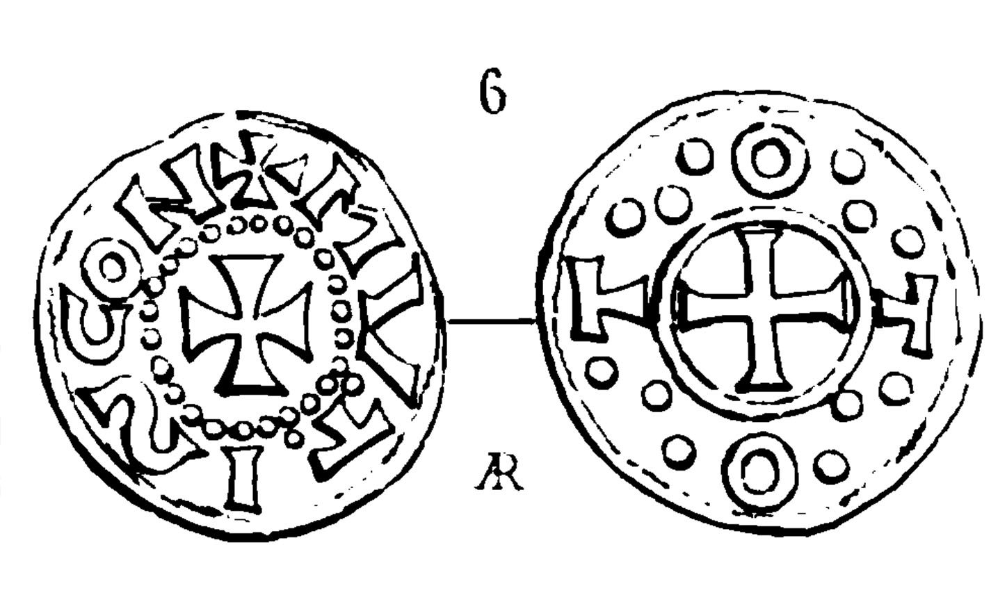 Coin of Otto-William of Burgundy
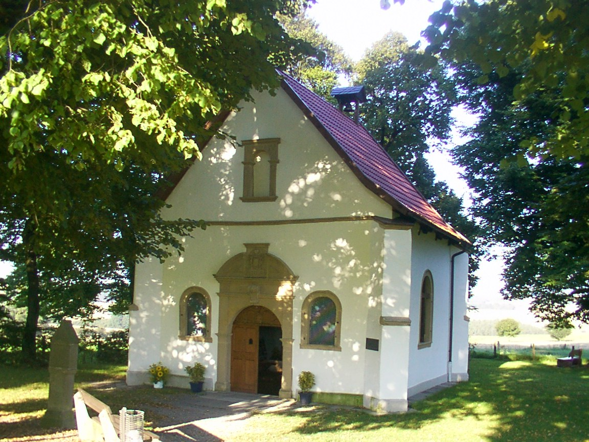 Borchen: Chapel to The Holy Soul in Dörenhagen
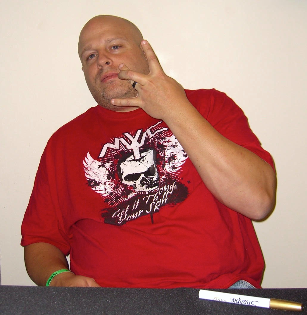 Professional wrestler Mikey Whipwreck on October 2, 2010 at the Big Apple Convention in Manhattan. This photo was created by Luigi Novi. It is not in the public domain, and use of this file outside of the licensing terms is a copyright violation.
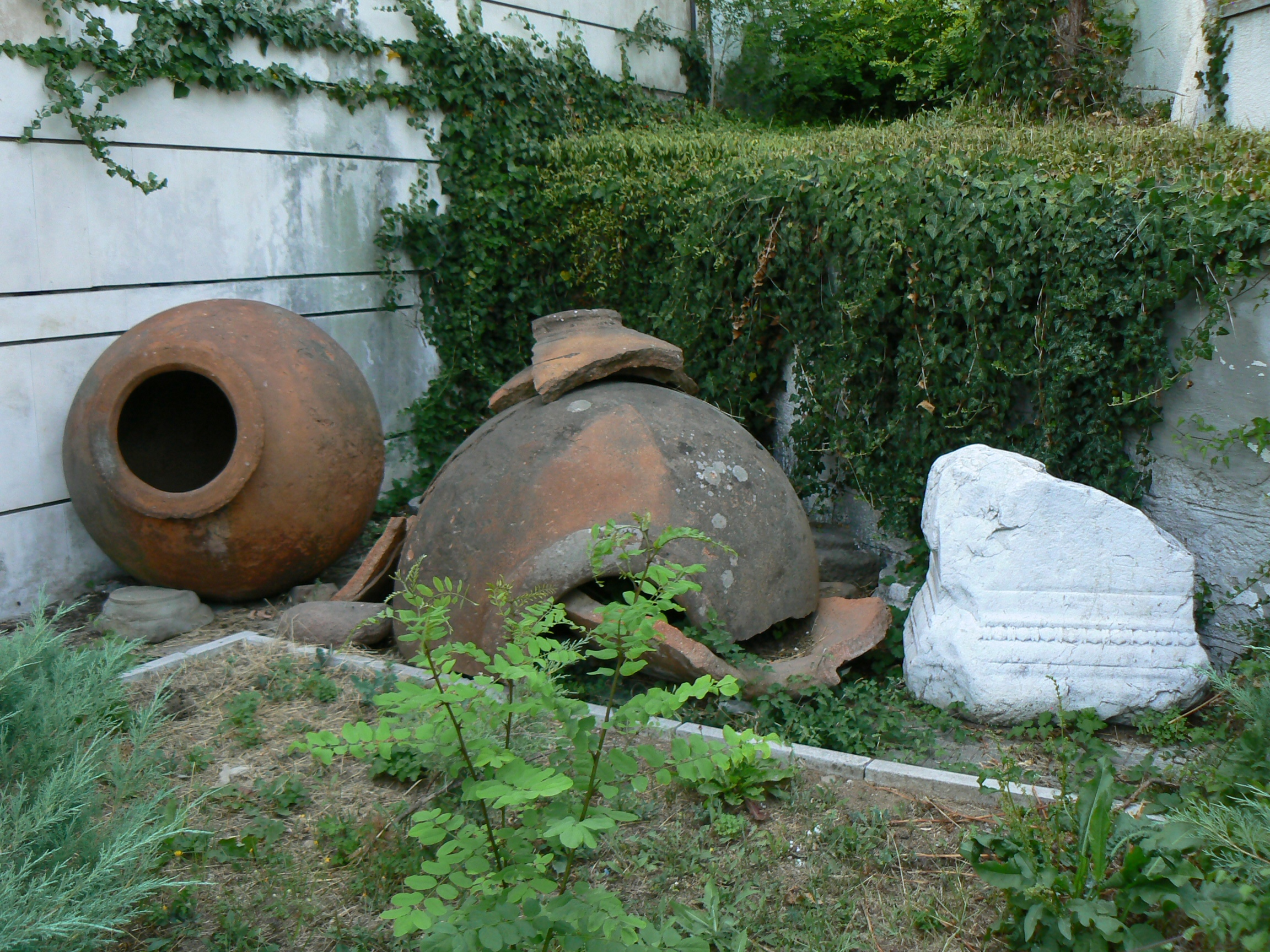 The lapidarium in front of the history museum in Pernik, Bulgaria
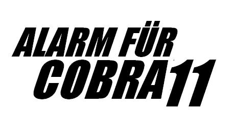 Logo of TV series Alarm für Cobra 11 - Die Autobahnpolizei. Created with graphic editor, based only on similar symbols.
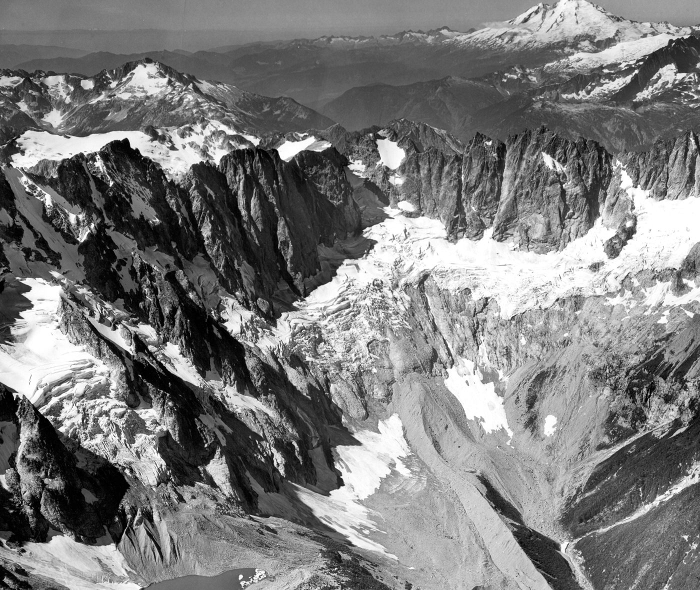 North Cascades National Park, Washington. Glaciers at the head of Luna Creek in Picket Range. Mount Baker in upper right.
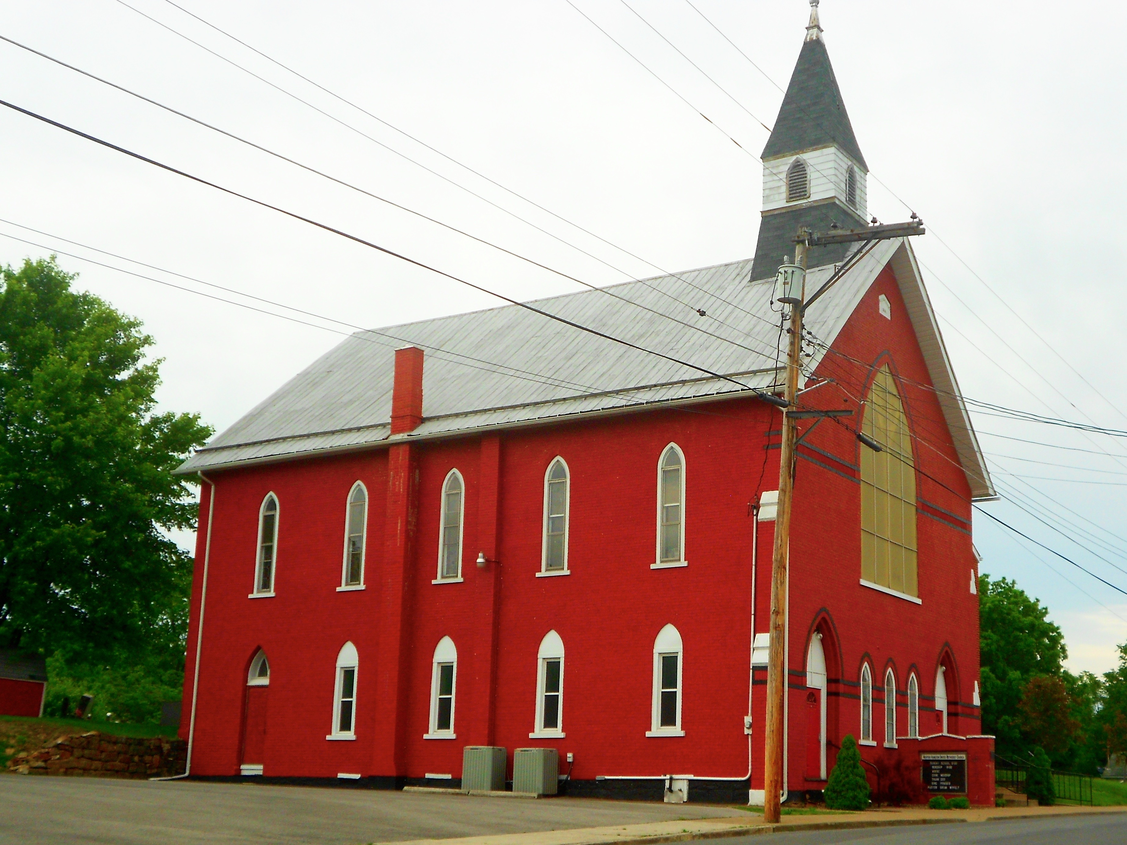 United Methodist Church in Newton Hamilton, Pennsylvania. The date stone reads "ME Church 1881" - presumably referring to the Methodist Episcopal Church

-----

## About this exercise
Every entry above should be returned exactly, with no images included.

## Response area
 Coin of Otto-William of Burgundy
 Borchen: Chapel to The Holy Soul in Dörenhagen
 Professional wrestler Mikey Whipwreck on October 2, 2010 at the Big Apple Convention in Manhattan. This photo was created by Luigi Novi. It is not in the public domain, and use of this file outside of the licensing terms is a copyright violation.
 The lapidarium in front of the history museum in Pernik, Bulgaria
 Logo of TV series Alarm für Cobra 11 - Die Autobahnpolizei. Created with graphic editor, based only on similar symbols.
 North Cascades National Park, Washington. Glaciers at the head of Luna Creek in Picket Range. Mount Baker in upper right.
 United Methodist Church in Newton Hamilton, Pennsylvania. The date stone reads "ME Church 1881" - presumably referring to the Methodist Episcopal Church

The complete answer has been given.